The answer is both yes and no, but it all depends on how you ride.

Cornering on a motorcycle

Manufacturers have been cooking up many ways to keep motorcycles safe in almost any situation. While we do have standard ABS as the, well, standard for most motorcycles in the world, that hasn’t stopped manufacturers from innovating and packing even more tech into bikes. 

Unfortunately, that technology comes at a premium, and it’s only at the more expensive spectrum do we see bikes get this feature as standard. So the question is if cornering ABS is on the specialist of one of your choices, is it worth the investment? 

What is cornering ABS?

Motorcycle Brake Rotor

Before we dive into what cornering ABS is, we first need to unpack what is standard ABS is, which is an anti-skid braking system that keeps your wheels spinning in order to maximize traction under sudden braking. We have to remember that a tire in contact with the ground has more grip while rolling than while skidding. That’s why it also pays to have a good set of tires on your motorcycle, as quality rubber will stop sooner than cheaper alternatives. 

What ABS does is that it cuts the brake force from the lever to the caliper momentarily to allow the tire to regain traction. The system does so in increments, the likes of which depend on the brand that the system is from. Some ABS modules tick at a fast rate, while others tick slowly. As far as standard ABS goes, the system is dependent on only a few sensors, the primary of which is located at the wheel to sense the slip coming from the wheel. 

Now, if you take standard ABS, and pair it with accelerometers, gyroscopes, and other sensors, you can get a system that is situationally aware throughout the ride. The reason why it is called cornering ABS is that it saves riders better than the standard system that is primarily more effective in a straight line. 

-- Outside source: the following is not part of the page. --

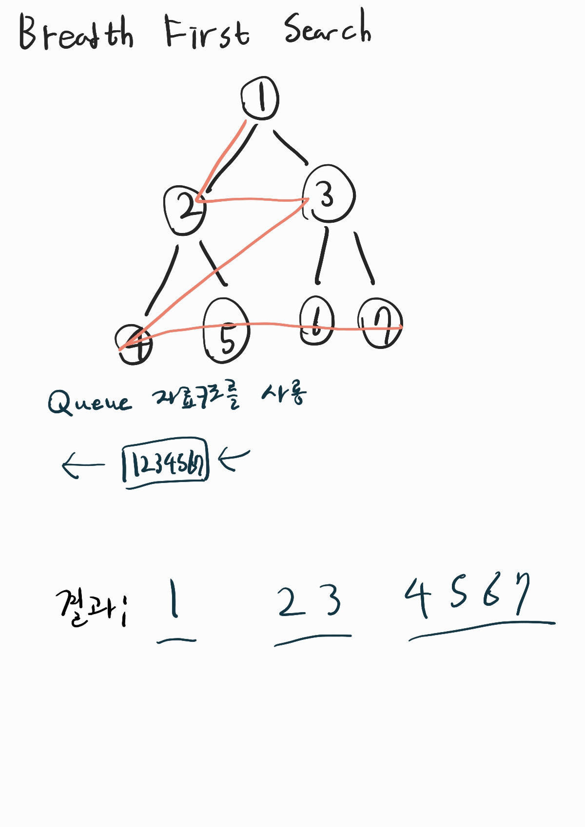 BFS(너비 우선 탐색)은 말 그대로 breadth를 기준으로 전개해나가는 탐색 방법입니다.

Hard braking mid-corner is not advised as it can upset the balance of the bike and overload the tires which can lead to a low side. Cornering ABS gives the right amount of braking force and pressure in order for the tires to keep traction and keep a rider’s line throughout the turn. Traditional ABS systems will keep a rider on the bike but may keep a rider going straight instead of true to the turn. 

So is it worth it?


Without getting too much into the ins and outs of riding, the real answer is that it depends. With faster bikes, cornering ABS is a definite must simply because the faster your bike can go, the more you need to rely on your brakes in order to facilitate yourself through a turn. That being said, it also depends on how you ride, but it’s highly unlikely that a small-displacement bike will come with such a system. 

We believe that all motorcycles at certain price points should come with ABS as standard, and not as an option. For more premium scooters out there like the Yamaha NMAX 155, or the Honda ADV 150, we believe that ABS should be the norm, but not necessarily cornering ABS. 

Faster bikes like the KTM 790 Duke or the Ducati Monster 937 come with cornering ABS as standard, and for good reason. Faster bikes leave less room for error, especially when at a turn. Because you are going faster on the straights and will require more braking force before entering a turn, it’s quite likely that you could end up braking a little too late and find yourself on the lever slowing down mid-corner. 

In summary, it is worth it for a bike to get cornering ABS, but only if the bike itself is at a performance level wherein a rider may need an extra safety net should he find himself a little too fast mid-corner. Other than that, it can save you and your motorcycle from suffering from a low-side crash, and it can potentially give you fighting chance should an obstacle come out on the road, and you need to slow down midway through a corner.